Через полгода она нашла в почтовом ящике конверт, надписанный тем же красивым почерком. "Рита, - писал он, - ты знаешь меня, я слишком быстрый, слишком горячий, слишком нетерпеливый. Конечно, ничто не прошло. Напиши скорее, твой Макс".
И в тот же вечер она написала Ильзе, что эта весна - весна распахнутых окон и туда вылетает все, что уже давно пропылилось и еле-еле живо, "как, собственно, и наша дружба, дорогая Ильзе, которая никогда не была дружбой, прощай, Рита". И только два или три года спустя она решилась опять заглянуть в пивную, и Лиза сказала: "Ты могла бы и раньше приходить совершенно спокойно, твой Макс здесь больше не бывает. Он женился и здорово растолстел, и знаешь, у него двое детей". Она постучала себе пальцем по лбу и нацедила Рите пива. Том Уэйтс пел "Heartattack and vine"*, а Лиза рассказала, что калека теперь сидит в инвалидном кресле и еду ему ставят на колени, а вниз он спускается только с чьей-нибудь помощью. Пит действительно выпрыгнул с двенадцатого этажа, а маленький поэт наконец-то лег на лечение, Маша уехала с каким-то типом на Ибицу, предполагают, что у нее СПИД, но никто не знает точно, а музыкант-экспериментатор играет теперь вместе с Брайаном Эно и наконец добился успеха.

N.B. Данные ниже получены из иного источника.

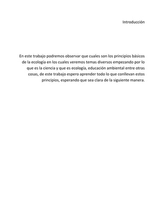 Este documento presenta los principios básicos de la ecología. Explica que la ecología es el estudio de los seres vivos y cómo se relacionan con su medio ambiente. Describe los pasos del método científico y define la ecología y la educación ambiental. Distingue entre autoecología, demografía y sinecología como las tres divisiones principales de la ecología. Concluye que la ecología estudia las relaciones entre los seres vivos y su medio ambiente y que la educación ambiental enseña a respetar el medio ambiente.

* Сердечный приступ и виноградная лоза (англ.).
За угловым столиком сидел музыкант-эгоцентрик, который сказал: "Привет, Рита, я рассказывал тебе, как я объяснил бразильцам, что такое танго?"

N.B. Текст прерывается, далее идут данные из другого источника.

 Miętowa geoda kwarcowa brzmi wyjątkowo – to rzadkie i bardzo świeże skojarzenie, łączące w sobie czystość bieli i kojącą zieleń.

И Рита ответила: "Нет, расскажи".
ЗИМНИЙ ПУТЬ
Дорогой Альбан,
я теперь в Вене, где лютует январь, потому что мне захотелось убежать от тебя как можно дальше. Ты не сможешь найти меня и вновь околдовать своими светлыми глазами, своими длинными волосами и своей самоуверенной юностью. Рядом со мной злой, старый, печальный город, и я тоже злая, старая, печальная женщина, которая хотела бы обрести покой вдали от таких прелестных созданий, как ты.
Что ты натворил, Альбан?
Я пришла в такой восторг, когда впервые увидела тебя, пожалуй, больше, чем в восторг, - я была вне себя от страсти из-за твоей красоты. На тебе была зеленовато-белая рубашка в полоску и светлые брюки, твоя кожа была цвета бронзы; ты закинул обе руки за голову и поднял к солнцу свое лицо с высоким прямым лбом. Я смотрела на тебя, и вдруг ты открыл глаза - они были светло-серые, а волосы золотистые - ты улыбнулся и движением руки пригласил меня сесть за твой столик, залитый солнцем. Все остальные столики были заняты. Я села рядом с тобой, а ты опять закрыл глаза, и я испугалась, что мое сердце стучит слишком громко. Я заказала себе бокал сухого белого вина, а ты себе еще один кофе-эспрессо, и мы улыбнулись друг другу. Когда я была ребенком, мне подарили книгу о греческих богах, боги выглядели, как ты. Но они не двигались с такой грацией, как ты, - я хотела бы сидеть вот так вечно и изумленно разглядывать тебя, но ты расплатился, встал и уехал на своем велосипеде.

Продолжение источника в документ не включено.